Lo sviluppo delle "infrastrutture spaziali" cinesi sta procedendo a ritmo sostenuto, soprattutto ora che il dispiegamento delle reti internet satellitari a bassa orbita è entrato in una fase di espansione su larga scala. Tuttavia, il Paese si trova ad affrontare una sfida importante: la domanda di lanci satellitari supera la capacità disponibile dei razzi tradizionali. Affidarsi esclusivamente ai razzi tradizionali è lungi dall'essere sufficiente a soddisfare queste crescenti esigenze.
In questo contesto, lo sviluppo di iniziative spaziali commerciali è essenziale per fornire la capacità di lancio necessaria per l'ampia diffusione delle reti spaziali. Quest'anno, una nuova generazione di razzi commerciali, tra cui Zhuque-3, Tianlong-3 e Gravity-2, sta procedendo con attività di progettazione, test e lancio. Questi nuovi vettori di lancio allevieranno efficacemente la pressione sulle risorse per il lancio di satelliti e rafforzeranno lo sviluppo dell'infrastruttura nazionale cinese per internet satellitare.

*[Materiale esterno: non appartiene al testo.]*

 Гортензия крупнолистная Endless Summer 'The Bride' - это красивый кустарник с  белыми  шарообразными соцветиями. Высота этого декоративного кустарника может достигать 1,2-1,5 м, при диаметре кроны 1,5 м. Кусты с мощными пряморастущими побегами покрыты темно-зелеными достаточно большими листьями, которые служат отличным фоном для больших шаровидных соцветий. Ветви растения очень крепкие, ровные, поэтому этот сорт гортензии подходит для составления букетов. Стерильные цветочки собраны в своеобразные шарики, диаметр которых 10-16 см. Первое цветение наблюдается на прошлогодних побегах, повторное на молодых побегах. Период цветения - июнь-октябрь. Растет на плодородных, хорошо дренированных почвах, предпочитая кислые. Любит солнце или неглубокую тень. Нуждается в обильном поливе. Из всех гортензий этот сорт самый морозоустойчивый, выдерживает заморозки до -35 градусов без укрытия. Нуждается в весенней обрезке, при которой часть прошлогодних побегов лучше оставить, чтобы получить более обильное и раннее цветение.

I voli spaziali commerciali non solo aumentano la frequenza delle opportunità di lancio, ma aprono anche a una gamma più ampia di possibilità tecnologiche. A differenza delle imprese spaziali statali, le aziende commerciali private sono più agili e flessibili.

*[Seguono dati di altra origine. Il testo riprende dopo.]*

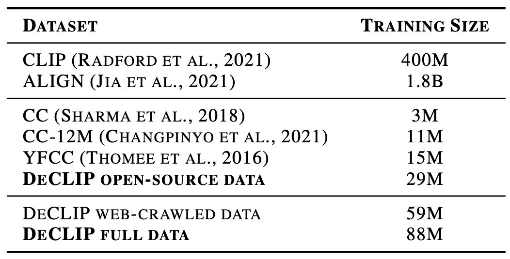 DeCLIP数据集包含现有开源的29M和互联网爬取的59M两部分,共88M数据。
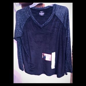 Super-soft, velour, stretchy, sweater knit combo. V-neck, high-low hemline. Unsurpassed comfort. Mix and match with different Cuddl Duds bottoms.
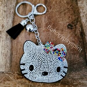 Tag: Hello Kitty, Multicolor Bow, Sanrio, Crystal, Rhinestone, Pink, Red, Blue, Geen, Black, Yellow, Silver, Luxury, Keychain, Backpack, Bag Charm, Diaper Bag, Purse Charm, Accessories, Tassel, Keyfob, Keyring, Bling, Wristlet.

Ad esempio, il motore a metano e ossigeno liquido sviluppato in modo indipendente dall'azienda cinese LandSpace ha attirato l'attenzione globale per la sua economicità, la propulsione pulita e la riutilizzabilità. Allo stesso modo, l'azienda aerospaziale cinese Galactic Energy ha ridotto significativamente i costi di produzione dei motori per razzi grazie alla stampa 3D.
Grazie a meccanismi di mercato e a un modello basato su "piccoli passi e rapide iterazioni", le imprese spaziali commerciali hanno conquistato il favore di numerose istituzioni di ricerca. Queste aziende rappresentano un valido complemento alle organizzazioni spaziali statali, contribuendo ulteriormente al progresso delle capacità di esplorazione spaziale della Cina.

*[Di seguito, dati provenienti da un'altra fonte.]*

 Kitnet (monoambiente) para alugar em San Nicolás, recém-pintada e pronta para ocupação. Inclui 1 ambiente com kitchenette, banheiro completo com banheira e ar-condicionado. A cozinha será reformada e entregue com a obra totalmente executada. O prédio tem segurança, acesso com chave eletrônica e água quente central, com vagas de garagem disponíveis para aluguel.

Come settore dinamico che guida il futuro dell'innovazione tecnologica, i voli spaziali commerciali possiedono un vasto potenziale di mercato. Più di 10 province in tutta la Cina hanno introdotto politiche specifiche a sostegno dello sviluppo del settore spaziale commerciale, favorendo la nascita di numerose aziende specializzate e innovative focalizzate sullo sviluppo di razzi e sulla produzione di satelliti. Queste iniziative hanno portato alla creazione di cluster industriali e a un ecosistema di "economia spaziale" in rapida espansione.
Ad esempio, Beijing sta sviluppando un polo industriale regionale con la produzione di razzi nel sud e la produzione di satelliti nel nord, mentre Shanghai mira a espandere il suo settore spaziale fino a raggiungere un valore di centinaia di miliardi di yuan. Inoltre, il parco industriale aerospaziale di Wuxi, nella provincia del Jiangsu, nella Cina orientale, ha riunito oltre 120 imprese di grandi dimensioni, alimentando la crescita e l'innovazione.
Con il passaggio del settore spaziale commerciale da iniziative isolate a uno sviluppo più integrato e concentrato, si sta delineando un ecosistema industriale autonomo, resiliente e competitivo, che sta diventando un importante motore di crescita economica e progresso tecnologico nel settore spaziale.
Oggi, i voli spaziali commerciali non solo servono missioni nazionali, ma stanno anche ampliando la loro innovazione per soddisfare le esigenze quotidiane. Applicazioni come il telerilevamento satellitare consentono agli agricoltori di gestire i sistemi di irrigazione tramite telefono cellulare, mentre Internet via satellite fornisce accesso a banda larga alle aree remote, comprese montagne e oceani. Inoltre, i sistemi di trasporto intelligenti basati su satelliti stanno ottimizzando la temporizzazione dei semafori per ridurre la congestione del traffico.
Queste innovazioni evidenziano come la tecnologia spaziale, un tempo percepita come distante ed esclusiva, stia ora diventando parte integrante della vita di tutti i giorni, migliorando le comunicazioni, supportando l'agricoltura, migliorando la mobilità e fornendo vantaggi concreti alla popolazione.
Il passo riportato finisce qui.